Both OpenAI and Google have proposed a few approaches to improve the correct responses and mitigate the wrong responses to human dialogues with a LLM, but we are far away from “the Magic Recipe to Make AI Systems “Intelligent”.

Present approaches for GPT-3 and PaLM 2/PaLM are as of today:

  • Reinforcement learning from human feedback (RLHF) (OpenAI’s approach)
  • Fine tuning the model predictions first and improving it with RLHF second (Google’s approach)

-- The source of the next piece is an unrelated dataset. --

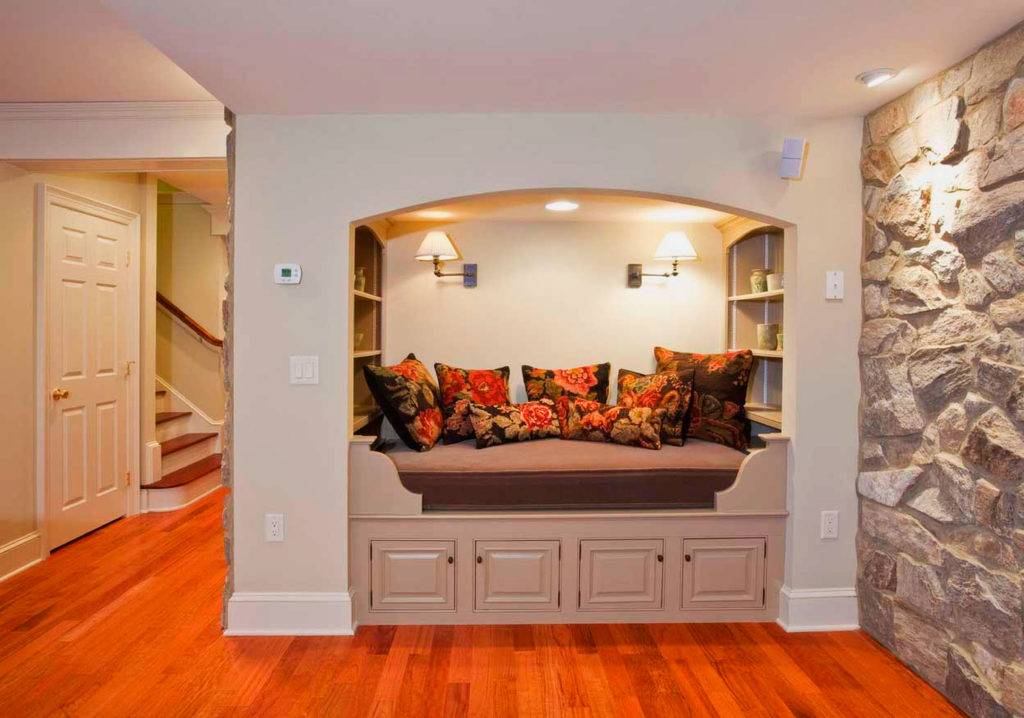 Но при обустройстве ниши особенно важен комплексный подход. Необходимо подобрать отделочные материалы, определиться с цветами и тщательно продумать дизайн-проект. Во время ремонта можно использовать готовые дизайнерские решения:

Few new approaches have been proposed beyond what OpenAI and Google have proposed so far:

  • Knowledge distillation and knowledge graph (An approach from Professor Yejin Choi and her team at the University of Washington)
  • A combination of a supervised model with a reinforcement learning model that improves the prediction of the self-supervised LLM based on a set of principles (Anthropic‘s constitutional AI) and reduces the effort of the human labelers

Maths:

  • ML models have been extremely successful at playing games even better than humans such as chess (IBM’s Deepblue) and Go (DeepMind) or generating and debugging source codes (OpenAI’s Copilot, Google’s Bard) where rules are very “formal” e.g. “small to large search space with finite action space”
  • But generating solutions to complex “informal/intuitive” math problems e.g. “large search space with infinite action space” is still an area for research although a model/neural theorem prover has been shown to solve a variety of challenging high-school olympiad problems

Teaching common sense

OpenAI – Reinforcement Learning from Human Feedback: Progress and Challenges

Dialogue agents such as OpenAI’s chatGPT or DeepMind’s Sparrow are fine-tuned with a reinforcement learning (RL) model to improve the model predictions based on human feedback. Human labelers are leveraged to build a “preferred conversation” that is used as a reward for a reinforcement learning model. This enables the agent/chatbot to be more aligned in its responses with humans.

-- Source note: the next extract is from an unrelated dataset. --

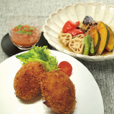 ・コロッケ ・野菜の揚げ浸し ・トマト寒天 |

The three papers of OpenAI on RLHF are “Learning to summarize from human feedback“:

“As language models become more powerful, training and evaluation are increasingly bottlenecked by the data and metrics used for a particular task. For example, summarization models are often trained to predict human reference summaries and evaluated using ROUGE, but both of these metrics are rough proxies for what we really care about — summary quality. In this work, we show that it is possible to significantly improve summary quality by training a model to optimize for human preferences. We collect a large, high-quality dataset of human comparisons between summaries, train a model to predict the human-preferred summary, and use that model as a reward function to fine-tune a summarization policy using reinforcement learning. We apply our method to a version of the TL;DR dataset of Reddit posts and find that our models significantly outperform both human reference summaries and much larger models fine-tuned with supervised learning alone. Our models also transfer to CNN/DM news articles, producing summaries nearly as good as the human reference without any news-specific fine-tuning. We conduct extensive analyses to understand our human feedback dataset and fine-tuned models We establish that our reward model generalizes to new datasets, and that optimizing our reward model results in better summaries than optimizing ROUGE according to humans. We hope the evidence from our paper motivates machine learning researchers to pay closer attention to how their training loss affects the model behavior they actually want.”

Training language models to follow instructions with human feedback“:

“Making language models bigger does not inherently make them better at following a user’s intent. For example, large language models can generate outputs that are untruthful, toxic, or simply not helpful to the user. In other words, these models are not aligned with their users. In this paper, we show an avenue for aligning language models with user intent on a wide range of tasks by fine-tuning with human feedback. Starting with a set of labeler-written prompts and prompts submitted through the OpenAI API, we collect a dataset of labeler demonstrations of the desired model behavior, which we use to fine-tune GPT-3 using supervised learning. We then collect a dataset of rankings of model outputs, which we use to further fine-tune this supervised model using reinforcement learning from human feedback. We call the resulting models InstructGPT. In human evaluations on our prompt distribution, outputs from the 1.3B parameter InstructGPT model are preferred to outputs from the 175B GPT-3, despite having 100x fewer parameters. Moreover, InstructGPT models show improvements in truthfulness and reductions in toxic output generation while having minimal performance regressions on public NLP datasets. Even though InstructGPT still makes simple mistakes, our results show that fine-tuning with human feedback is a promising direction for aligning language models with human intent.”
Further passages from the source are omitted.